Trevor Gordon Grunnill (19 May 1948 – 10 January 2013) was a British-Australian singer, songwriter and musician.  He was a member of the late-1960s group the Marbles, whose biggest hit was the UK No. 5 "Only One Woman".

Early life 
Gordon was born in Blackpool, Lancashire, England, as Trevor Gordon Grunnill. He emigrated to Sydney, Australia, with his family in the late 1950s.

Career 
While still in high school, Gordon found work as a boy singer on the popular "Johnny O'Keefe" TV show leading to an exclusive contract with ABC, the Australian Television Network. This led to many live and TV appearances and Gordon was eventually made the host of his own Saturday afternoon kid's television program. During this time he met and befriended Barry, Maurice and Robin Gibb who were finding their own success in Australia as the Bee Gees. Gordon played lead guitar on several early Bees Gees tracks that appeared on the Bee Gees first album, The Bee Gees Sing and Play 14 Barry Gibb Songs. Gordon secured a record contract with Leedon Records and released the singles, "House Without Windows" and "And I'll Be Happy" (both songs written by Barry Gibb and credited to 'Trevor Gordon and the Bee Gees'), In 1965, Gordon recorded other Barry Gibb compositions: "Little Miss Rhythm and Blues" and "Here I Am". After returning to London in 1967, Gordon teamed up musically with his first cousin Graham Bonnet and eventually the pair became a musical duo called the Marbles. Not long after Gordon reconnected with his old mates, the Bee Gees, by now also in London and fast becoming international recording stars. The Gibbs helped Gordon and Bonnet secure a recording contract with the Australian record impresario, Robert Stigwood. Barry Gibb, Robin Gibb and Maurice Gibb wrote six songs for the Marbles and also provided some background vocals on their recordings, the most successful being the hit, "Only One Woman". With Bonnet's powerful vocals taking over the Marbles sound, Gordon felt under utilized and the duo soon disbanded. Gordon secured a contract with Polydor Records in London and released one album called Alphabet. Gordon was also a cast member of the Billy Cotton TV program in the UK before giving up performing and becoming a music teacher.

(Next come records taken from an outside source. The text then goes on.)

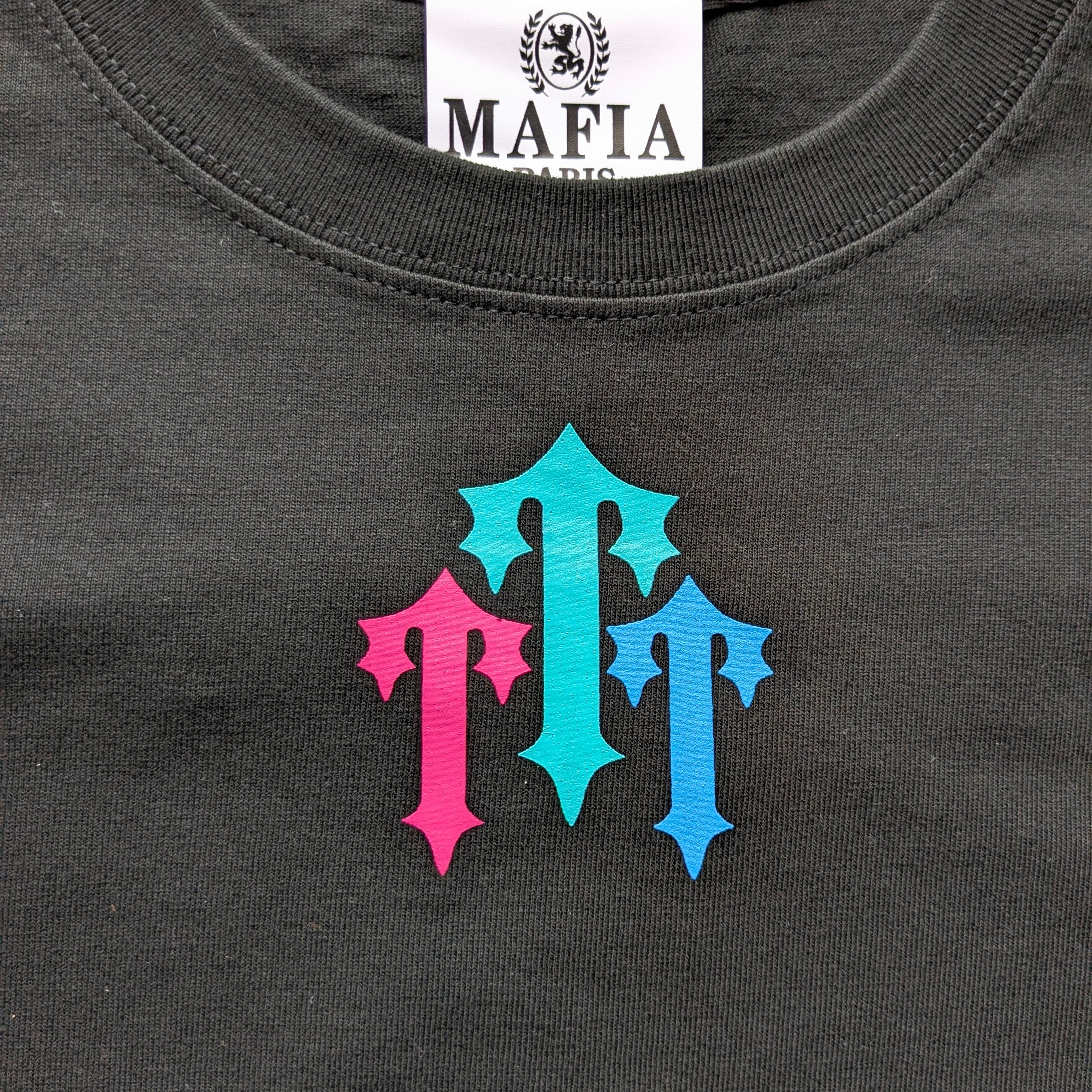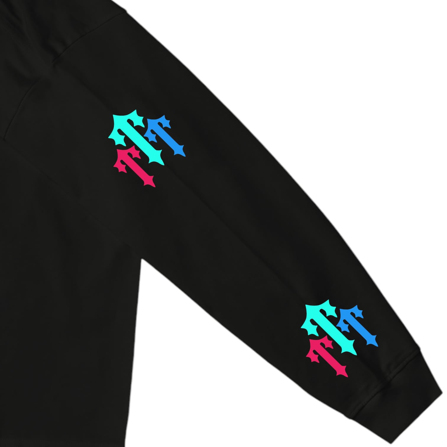 黒のボディに映えるラグジュアリーブルー×マイアミピンク×スカイブルーの輝きは、光を反射しながら静かに主張し、着るだけで視線を独占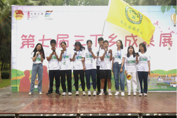 开幕式表演中,实践部为大家带来了非常贴近生活的小品节目《光荣之家》,它讲述了三个大学生参加“三下乡”后,与亲人一同观看姐姐参加国庆阅兵的温馨故事。小品展现了“三下乡”的工作内容,包括宣传垃圾分类、义教文娱、调查与科普等。小品《光荣之家》优异地展示了下乡成果,充分展现我国今昔巨大之变化以及今日国力之强盛。随后,工作人员举着艺林学院的院旗进行了环校跑。大家载着欢声笑语,载着爱农爱乡的热情,把勇担新时代大任的热血洒满了我们的仲园。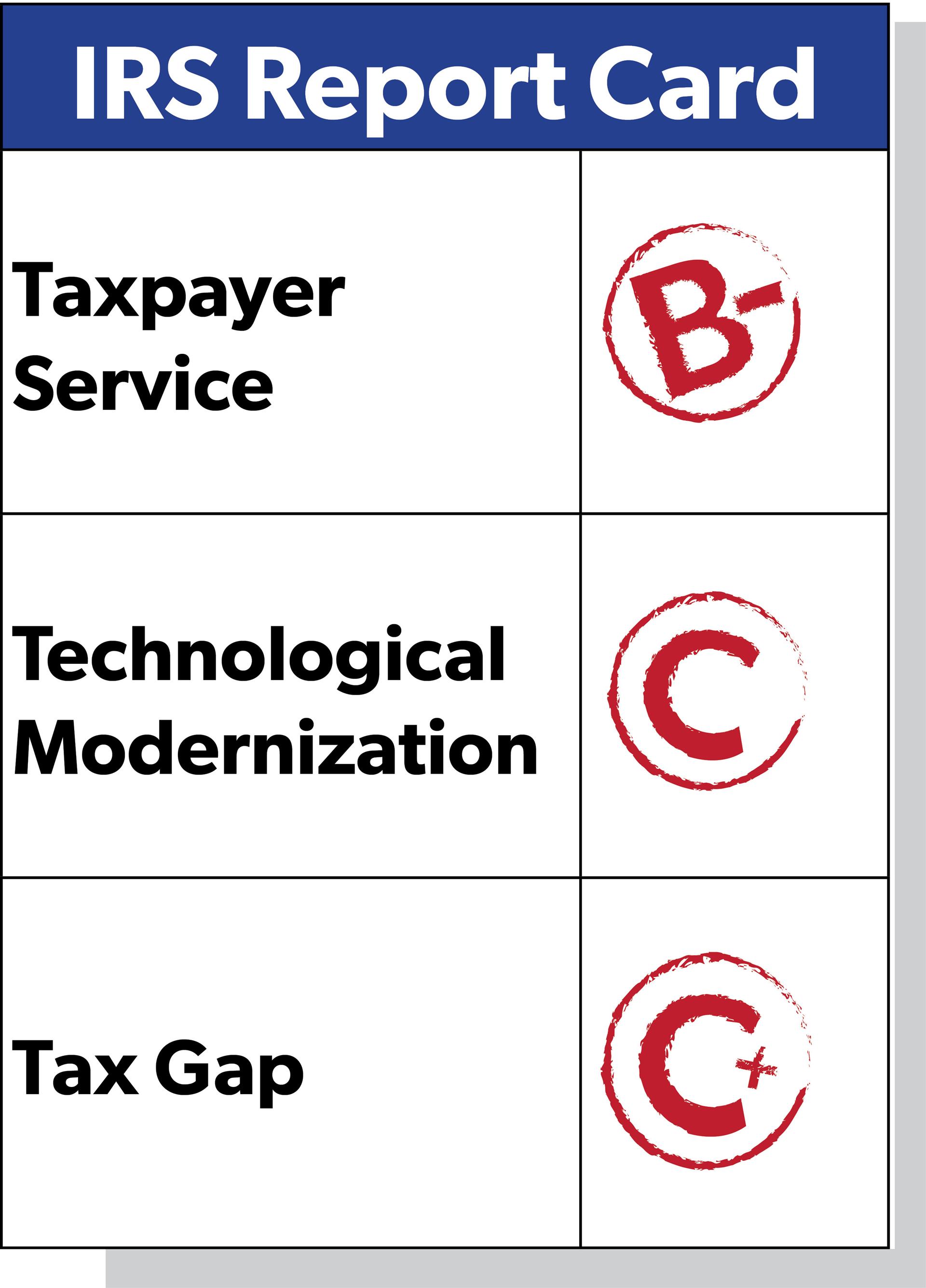 In light of information released during 2025 and early 2026, including data on the last tax filing season, we are conditionally upgrading the IRS’s grades. The IRS has earned a B- for taxpayer service, a C for technological modernization, and a C+ for closing the tax gap. While we are enthused about recent progress in improving taxpayer services and information technology, these letter upgrades are conditional upon the completion of deliverables that the IRS has promised to release soon.
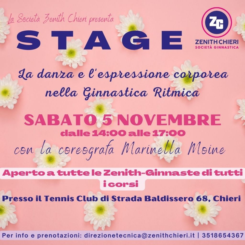– Stage di Danza applicata alla Ginnastica Ritmica con la coreografa dello Staff Zenith Chieri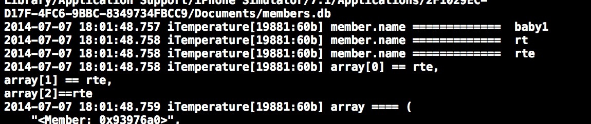 member.name = [rs stringForColumn:@"Name"]; member.age = [rs intForColumn:@"Age"]; member.sex = [rs intForColumn:@"Sex"]; member.height = [rs intForColumn:@"Height"]; member.Weight = [rs intForColumn:@"Weight"]; member.icon = [UIImage imageWithData:[rs dataForColumn:@"Photo"]]; NSLog(@"member.name ============= %@",member.name); [array addObject:member];</span> } [membersDB close];<span style="color:#FF0000;"> NSLog(@"array[0] == %@,\narray[1] == %@,\narray[2]==%@",[array[0] name],[array[1] name],[array[2] name]);</span> return [array copy]; }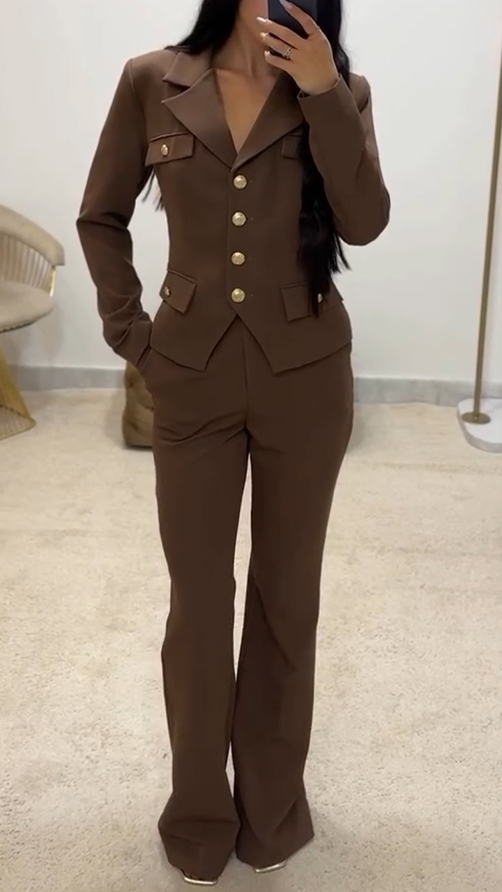 Women Lapel Button-down Top + Pants Temperament Commuter Suit
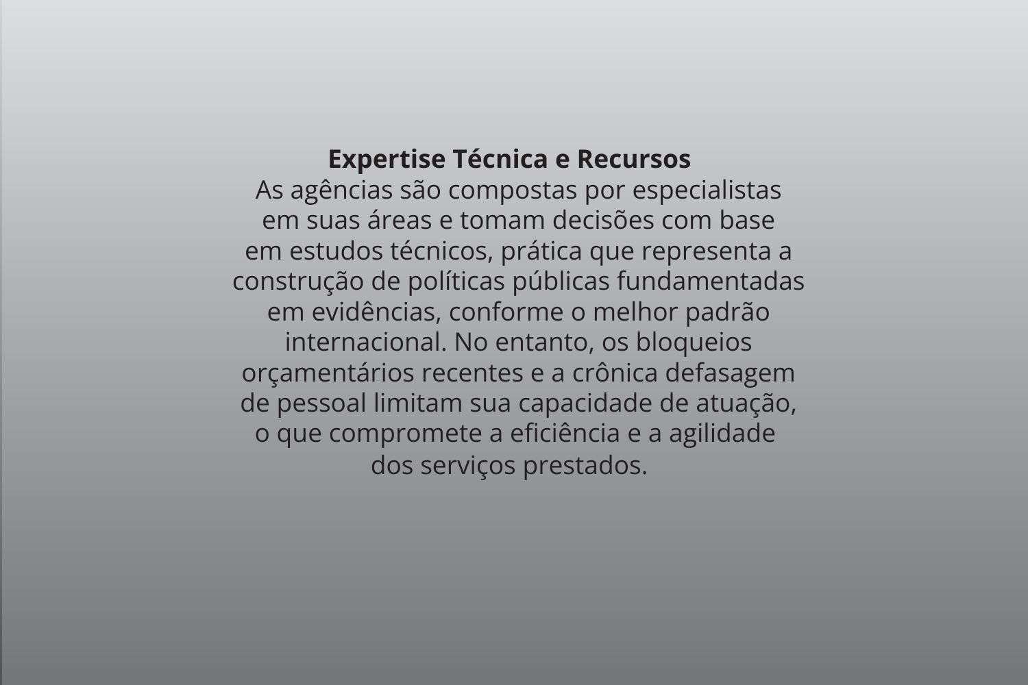 Expertise Técnica e Recursos: As agências são compostas por especialistas em suas áreas e tomam decisões com base em estudos técnicos, prática que representa a construção de políticas públicas fundamentadas em evidências, conforme o melhor padrão internacional. No entanto, os bloqueios orçamentários recentes e a crônica defasagem de pessoal limitam sua capacidade de atuação, o que compromete a eficiência e a agilidade dos serviços prestados.
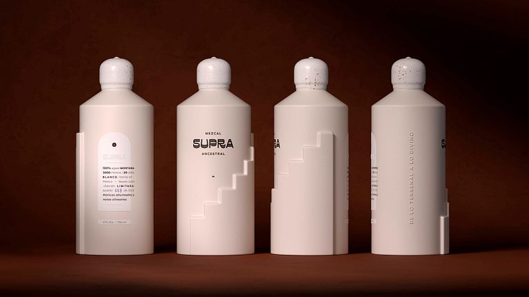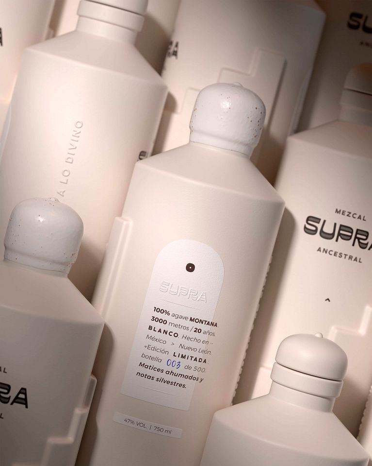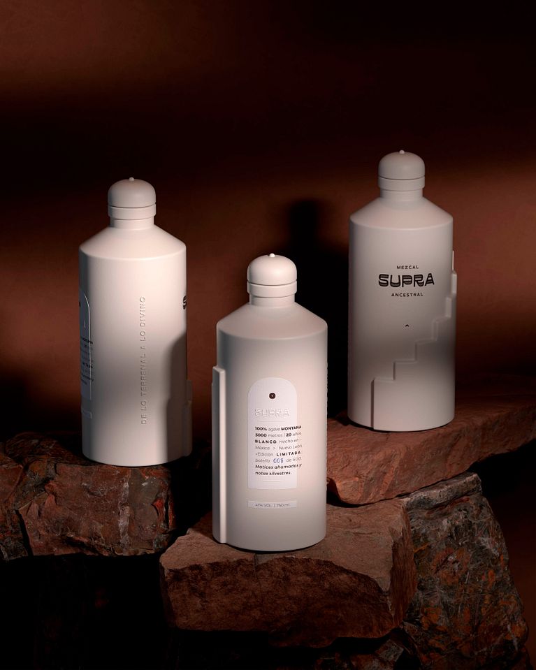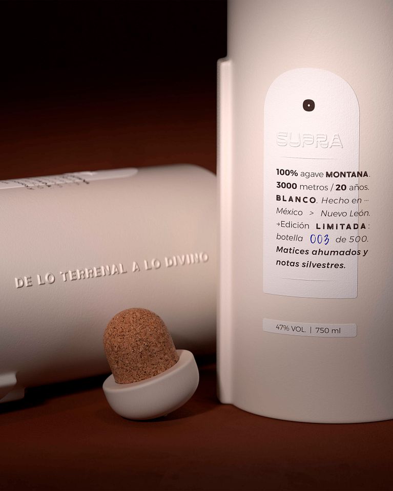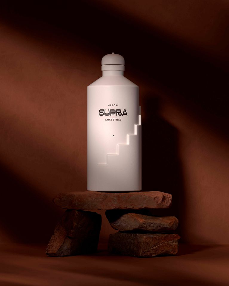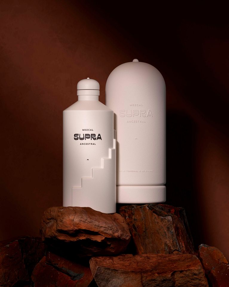 El diseño está inspirado en este contexto y en la diosa Mayáhuel, símbolo de fertilidad y abundancia, protectora de la planta del agave. “Supra” significa “arriba” en latín, evoca la elevación espiritual que propone el mezcal, una experiencia conectada con los dioses.

The Marbles were typical one-hit wonders because "Only One Woman" became their one and only major hit. It reached number 5 in the UK Singles Chart in November 1968, Following the release of the group's debut single, Bonnet made a remark to a reporter as to "Only One Woman" being a bit boring, angering Barry. Their second single "The Walls Fell Down" only reached number 28 in the same chart. But in the Netherlands it was more successful, where it reached number 3 in their Top 40 in April 1969.

Later years and death 
In 1970, Gordon released his first and only solo album Alphabet on Polydor Records. He later became a high school music teacher.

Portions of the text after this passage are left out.